Alexander Graham Bell and his wife Mabel lost a baby boy at a time of great stress for the family. Alec Bell (as he was known) was deeply grieved, but accepted much self-blame for having been away at the time. Bell scarcely believed in God; perhaps Einstein’s God, for Bell believed that the more we were to learn through science, the closer we would be to being like God. In other words God was primarily important as a source of knowledge

Poor Mabel, having been brought up in a strict puritan Christianity, believed that God was punishing her: “when Elsie was being naughty, Mabel withheld candy from her and explained that she was punishing Elsie as God had punished her…He had promised me a baby if I would be careful, but I had not been, and he took the little one from me.” (Charlotte Gray, “RELUCTANT GENIUS, The Passionate Life and Inventive Mind of Alexander Graham Bell” Harper [Collins, 2006, page 225.)

No wonder generations of people grew up equating belief in God with a belief in punishment! Atheists can claim that religion is responsible for a guilt-ridden culture, which in turn has endorsed a culture of vengeance and violence. Scientists such as Alec Bell were already inclined to hold such a view of religion, and looked at the progress which science seemed to promise with what might be called “evangelical fervour.”

How, then, can I as a Christian respond to what I regard as a perversion of Christianity?

First, I must admit that there is much in the Bible which shows God as a punisher of evil and a rewarder of goodness. Much in the story of the Hebrew people as a nation shows them straying from the worship of Yahweh, their God, and falling into defeat and civil war, even conquest from beyond their borders. God’s prophets call them back to the covenant or contract with Him. Then we see the prophets increasingly showing a God who is not interested in the outward show of animal sacrifice, feasts and fasts, but instead looks for a change of heart. The people are called to love God, as God is shown loving them, as a spouse or beloved.

Jesus preaches a God of love and forgiveness: he equates healing the body with forgiving of sin, and shows by example a caring for the poor and the outcast. He rejects the guilt-ridden approach to expiation of sin through fulfilling legalism; he introduces his followers to a spiritual kingdom within themselves, which is to liberate them finally from guilt.

In doing so, Jesus is in line with the Hebrew priestly religion of the first Temple, in which God is dramatized as coming forth with the very holiness of the Ark of the Covenant, and freely giving blessing to the world, after the sins have been carried away by sacrificial goats.

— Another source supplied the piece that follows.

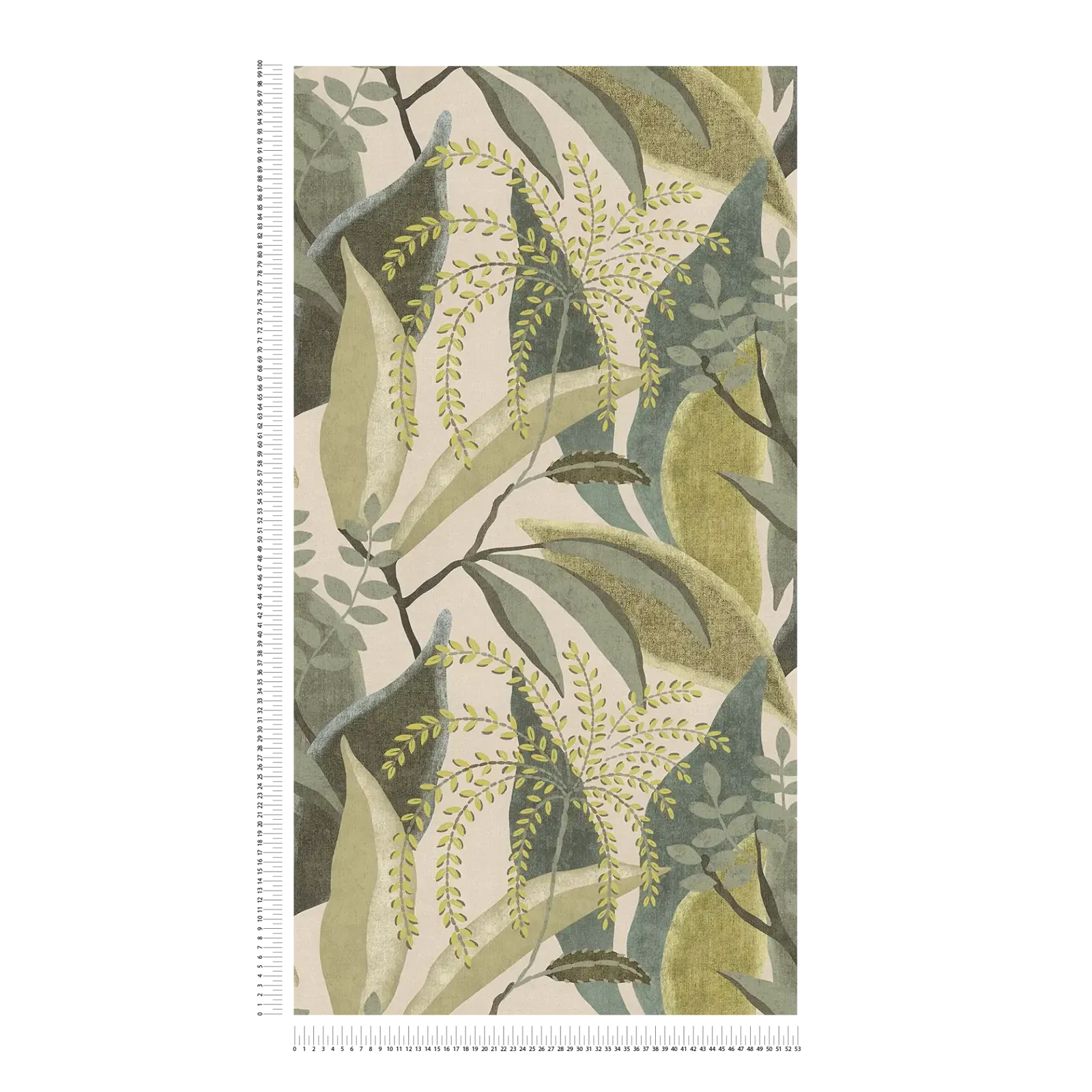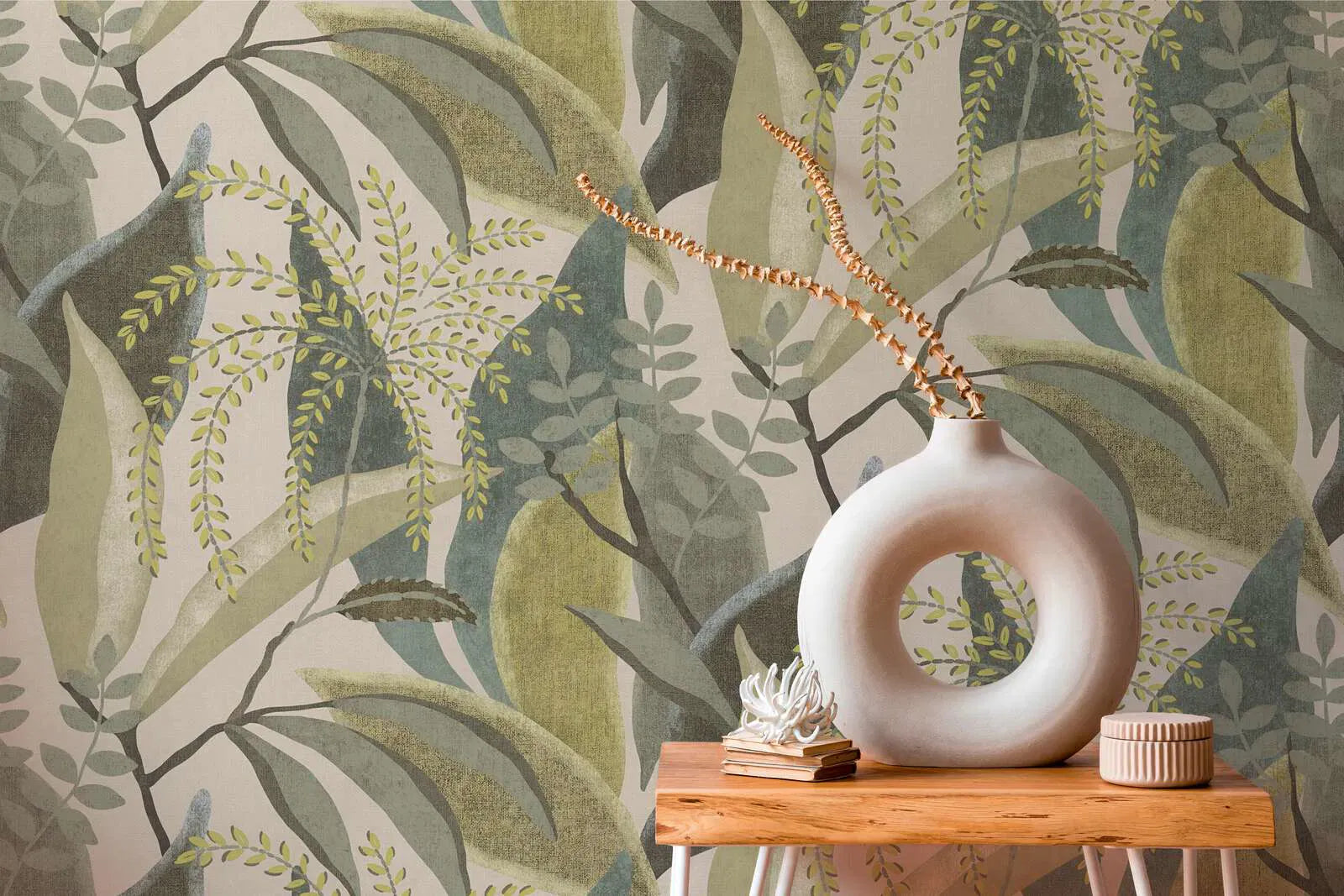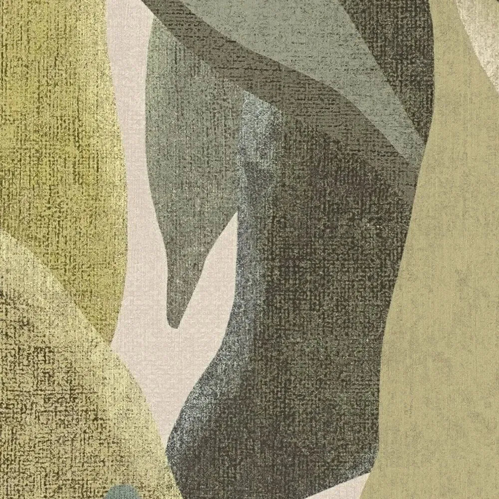 Didelės, organiškai išlenktos lapų formos ir stilizuotos šakos įvairių žalios ir geltonos spalvų atspalvių sudaro šių tapetų motyvą. Tekstūruotas paviršius šiek tiek išblukina spalvas ir atrodo tarsi būtų tapytas rankomis, sukurdamas natūralų, beveik eskizinį vaizdą. Šiek tiek išlenkti, sluoksniuoti lapų motyvai alyvuogių, samanų ir gegužės žalios spalvos sukuria gyvą foną ant kreminės spalvos pagrindo. Virš jo laisvai tekančios šakų linijos su mažais, lapų formos elementais draugiško šviesiai geltono atspalvio suteikia dizainui lengvumo ir dinamiškumo. Natūralių spalvų ir abstrakčių augalų motyvų derinys sukuria šviežią, raminančią atmosferą su subtilia retro nuotaika ir moderniais akcentais.

And when Jesus, regarded by the Roman and priestly establishment as a blasphemer and political nuisance, is crucified and killed, his followers experience Jesus returning to them, risen from the dead - so powerful a reality that they are prepared to accept his spirit within them, and break with tradition to spread the good news of liberation, of a new covenant, with a God who forgives all guilt, and who finds humanity itself an object of favour (“grace”). God forgives and loves us whether we are good or bad.

So, to explain their experience of Jesus’ death and return in terms they already were familiar with, they saw his as the final sacrifice, which takes away all guilt, brings liberation and hope to the suffering. The idea of death and return is found in most other religions in some form, and the new Church comes to see Jesus as the embodiment of a God who loves people of all faiths, or none.

A friend asked me to explain why if Jesus has died to take away all sin, why do we still have sin? This misunderstanding of the passion and Cross of Jesus is based on the idea of a contract; some traditions have even called it a contract between God and Satan, which could only be redeemed by God’s offering his son. “Redeemed” in this theory is pawn-shop redemption.

A true estimate of the God of Love who is not mainly a God of power, is that God has poured his love into the creation of a cosmos the objective of which was to work towards conscious and sentient beings, whose likeness to God is based on love rather than power; what we call the Incarnation, God becoming human, and the Atonement (God showing his self-offering as a token of his love), are part of a reality we call eternal life, which is almost beyond human imagination, picturing the cosmos groaning and travailing like a woman in childbirth, towards a consummation of the union between the Creator and the Creation:

“For He has made known to us in all wisdom and insight the mystery of his will, according to his purpose which he set forth in Christ, as a plan for the fullness of time, to unite all things in him, things in heaven and things on earth.” (Epistle to the Ephesians, I: 9-10)

Living a life patterned on Jesus does require self-discipline and self-offering, but it is founded on complete forgiveness of neighbour - and self.